Le PEA pour les PME peine à se dessiner

le 06/03/2013 L'AGEFI Quotidien / Edition de 7H

La députée Karine Berger semble sur la réserve. La Bourse des PME est au point mort

Illustration: PHB

Dans son pacte pour la croissance et la compétitivité de novembre dernier, le gouvernement avait promis de faciliter l’accès des PME et des ETI aux marchés de capitaux par la création d’une nouvelle Bourse des PME, soutenue par la mise en place d’un PEA-PME. Mais pour l’heure, l’une comme l’autre n’ont toujours pas vu le jour. La Place ne parvient pour le moment à aucun consensus sur chacun de ces deux projets, pourtant majeurs pour le financement des PME, chacun recherchant son propre intérêt.

Rien ne dit que le rapport Berger-Lefebvre sur l’épargne longue, attendu vers le 15 mars, soutiendra fortement ce projet gouvernemental de PEA-PME. Lors de la conférence organisée hier par l’association PME Finance, la députée PS Karine Berger s’est montrée plutôt réservée, estimant que le PEA-PME ne doit «pas être un outil de plus», et proposant plutôt de réallouer une partie de l’épargne en assurance-vie pour le financement des PME. Les Assises de l’entrepreneuriat, dont les conclusions sont attendues en avril, pourraient se prononcer en faveur de ce nouveau produit, et donner un avis sur le projet du Fonds d’investissement pour le développement des PME (Fide), sans contrainte de durée, proposé par PME Finance.

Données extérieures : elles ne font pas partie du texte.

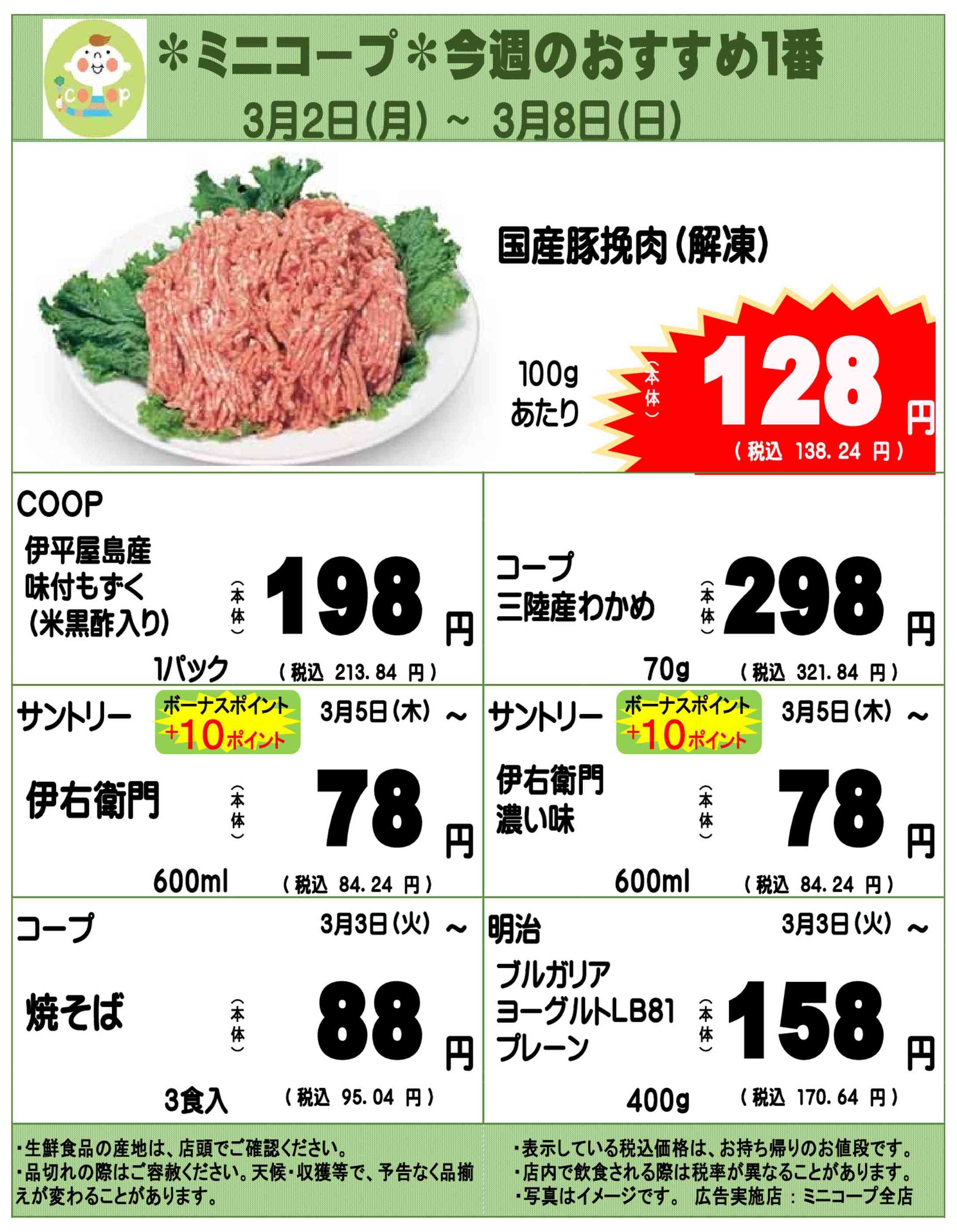 ミニコープ吹上店今週のチラシ(2026年3月2日〜3月8日)
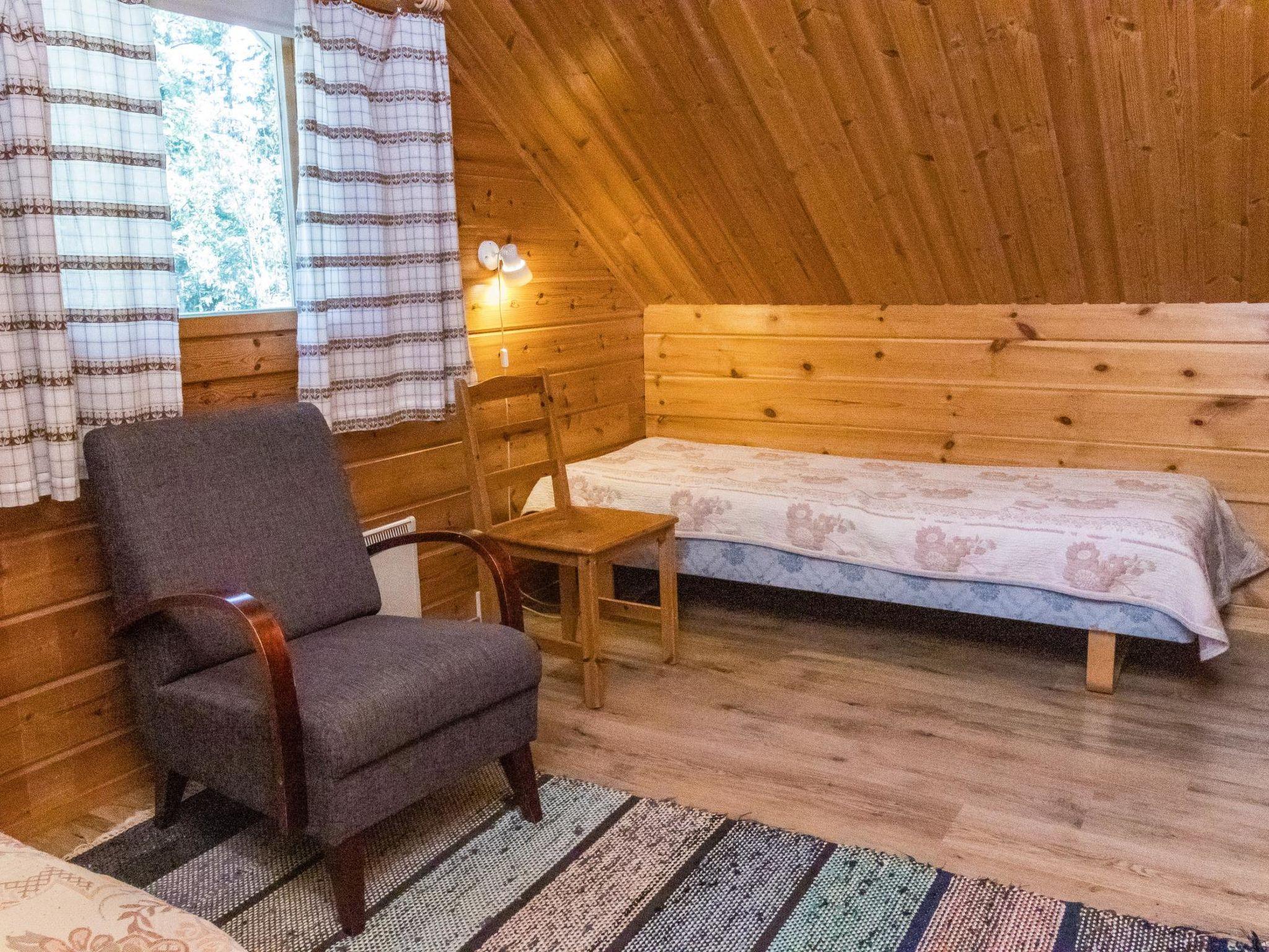 Log cabin 1999, living room/kitchen, downstairs: bedroom 2 beds, in upper floor bedroom 2+1 beds, bedrooms with 2 beds, Child safety gate downstairs and upstairs, washroom, sauna (electric sauna stove), terrace.
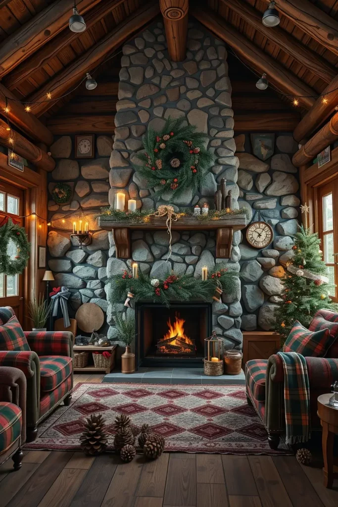 With my rustic styles, I work with plaid fabrics, hand woven baskets and wooden artisanal ornaments. The Christmas tree can be characterized by pinecones, burlap-ribbons, and warm lights. Reclaimed wood furniture also gives it a more realistic feel and an additional homely touch is a stone fireplace or faux log wall. It is the final winter resort type.
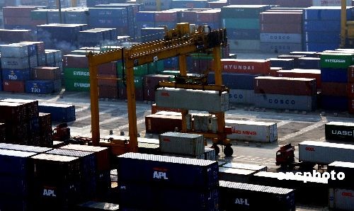 資料圖:3月24日,對臺試點直航口岸重要作業區福州港青州港區集裝箱碼頭呈現繁忙景象。福州港作為原國家交通部批準的兩個對臺試點直航口岸之一,自1997年4月19日福建省外貿船務公司的“華榮”號裝載37個標箱駛向臺灣高雄,首次實現兩岸試點直航以來,截至2008年2月,對臺試點直航船舶已順利往返共計8210個航次,累計運載集裝箱214萬多標箱。 中新社發 劉可耕 攝

En attendant, si les différents acteurs de la Place s’accordent sur le principe du PEA-PME, les divergences apparaissent dès qu’on aborde son contenu et ses modalités. Quoi qu’il en soit, la décision finale appartient au gouvernement.

PME Finance, qui avait lancé ce projet dès octobre 2011, milite pour une conception large de ce produit, ouvert aux titres (actions et obligations) de PME cotées ou non, dans le cadre d’une enveloppe de 132.000 euros de la même taille que le PEA actuel. En estimant que la moitié des 200.000 particuliers ayant un PEA au plafond, ouvre un PEA PME, ce dispositif pourrait apporter rapidement de 2 à 2,5 milliards d’euros, anticipe PME Finance.

A ceux qui arguent du manque de liquidité sur ces valeurs, PME Finance répond que ce PEA vient justement créer de la liquidité. D’autres invoquent le problème de l’évaluation des titres non cotés au sein des comptes-titres. Si d’aucuns soulèvent l’intérêt de mettre des obligations dans ces PEA, hormis la défiscalisation du coupon, d’autres y voient le moyen de promouvoir le marché obligataire des PME actuellement inexistant.

L’autre engagement du gouvernement pour le financement des PME-ETI, la Bourse de l’Entreprise, «est au point mort» selon Thierry Giami, président de l’Observatoire du financement par le marché. Pour Nyse Euronext, les discussions se poursuivent. Toutefois, le Haut Comité de Place, qui devait installer cette Bourse des PME en début d’année, ne s’est toujours pas tenu. Si Nyse Euronext semble avoir légèrement amélioré ses propositions faites fin 2012, la Place ne semble toujours pas satisfaite et Bercy tient à un consensus minimum avant de lancer ce projet. Aussi, pour débloquer cette situation, trois options restent ouvertes: Nyse Euronext répond à certaines attentes de la Place, notamment l’ouverture significative du capital; un opérateur européen s’installe en France; ou encore les pouvoirs publics demandent à des investisseurs français d’investir dans une plateforme. La dynamique devrait sans doute naître d’un mix de ces solutions.